Così a prima vista forse può sembrare pensiero folle. Invece non mi pare poi non tanto peregrina l’idea secondo la quale, davanti alle piogge torrenziali, sempre più frequenti a con l’aria di diventare ancora più cattive, agli allagamenti catastrofici che il cambiamento del clima ha “regalato” alle nostre italiche contrade, architetti, urbanisti costruttori di edifici e politici dovranno, una volta o l’altra guardare con attenzione agli edificatori di case del vecchio Siam, di altre terre dell’Estremo Oriente anche dell’India.
Le legioni di turisti italiani che passeggiano da decenni tra le risaie della fascinosa Thailandia, dalle “mille” attrazioni, forse si sono accorti che, in particolare nei paesi, nelle piccole città, attraversate da fiumi impetuosi talvolta aggressivi, che gli edifici, un tempo completamente di legno, da qualche decennio anche di mattoni e cemento, sono tutti sopraelevati almeno di un metro. Appoggiano su grossi pali conficcati nel terreno. Come nei tempi antichi la gente vive sulle palafitte.
Quando si scatena il monsone o il fiume dirompe con allagamenti improvvisi e copiosi la gente continua ad abitare, a vivere, mangiare, dormire, tranquillamente nella sua casa sopraelevata. Una semplice scala permette l’ingresso sulla veranda che è parte importante degli edifici. Sono tutte a un solo piano, o al massimo due, quindi le palafitte riescono a compiere tranquillamente il loro lavoro dì sostegno. Certo per i fabbricati grandi e grossi delle città è tutta un’altra storia. Ma restiamo nei paesi.
Qualche anno fa in una delle mie vacanze-lavoro stavo raggiungendo con un’auto a noleggio con autista l’estremo nord della Thailandia dove contavo di “mettere il becco “ nel famoso Triangolo d’Oro, con i suoi campi di papavero, oppio ed eroina. Ci fermammo a Fhang, un paesotto rurale per una veloce merenda. Era luglio e imperversava il monsone ed infatti appena saliti i gradini che portavano al piano rialzato di un, chiamiamolo, ristorantino, il cielo plumbeo si scatenò con una pioggia così violenta che temetti per la resistenza del tetto di legno. In pochi momenti la piazza fu sommersa dall’acqua, così alta da lambire il piano rialzato dove, con tanta apprensione, sulla veranda stavamo mangiando. Ero però spaventato mentre osservavo che per l’autista e i ragazzi che servivano era invece “come se niente fosse”.

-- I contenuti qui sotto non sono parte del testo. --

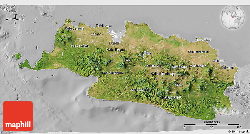 Satellite map shows the Earth's surface as it really looks like. The above map is based on satellite images taken on July 2004. This satellite map of West Java is meant for illustration purposes only. For more detailed maps based on newer satellite and aerial images switch to a detailed map view.

Il diluvio durò un’oretta buona poi come avviene con il monsone il cielo si ruppe e nuvoloni bianchi come panna montata solcavano il cielo di un azzurro intenso, in basso splendeva il verde delle risaie. Tutto bene, però resisteva il problema del possente allagamento. L’autista disse che dopo mezz’ora la strada sarebbe stata asciutta. Mi spiegarono che il terreno, strade, piazze erano provviste di drenaggi molto efficaci grazie ai quali l’acqua andava velocemente al fiume. Però c’è sempre il rovescio della medaglia, il fiume si gonfiava troppo e straripava tornando ad allagare i paesi. Le abitazioni erano rialzate, solo che questi allagamenti dovuti al fiume duravano molto di più. Ma lì il popolo thay si muoveva sempre a piedi nudi nell’acqua, senza stivali. Ed anche le automobili erano costruite in modo da sopportare inondazioni.
Dunque torniamo all’antico e per giunta orientale? Sarebbe forse proprio opportuno almeno per edifici, per le villette, nei luoghi sempre allagati come di questi tempi in alcune regioni. Però l’inarrestabile alluvione del progresso, del mito del benessere conquistato grazie a nuove invenzioni della nostra sempre più veloce epoca, ha portato anche il popolo siamese a dimenticare la bella cultura del passato.
Gli edifici moderni non sono rialzati, troppo grandi. Ed è così che qualcuno mi ha detto che gli edifici sulle palafitte sono un’utopia. Comunque se fossi un architetto urbanista e un politico un pensierino ce lo farei. Ormai da noi il clima talvolta è più violento del monsone dell’Oriente.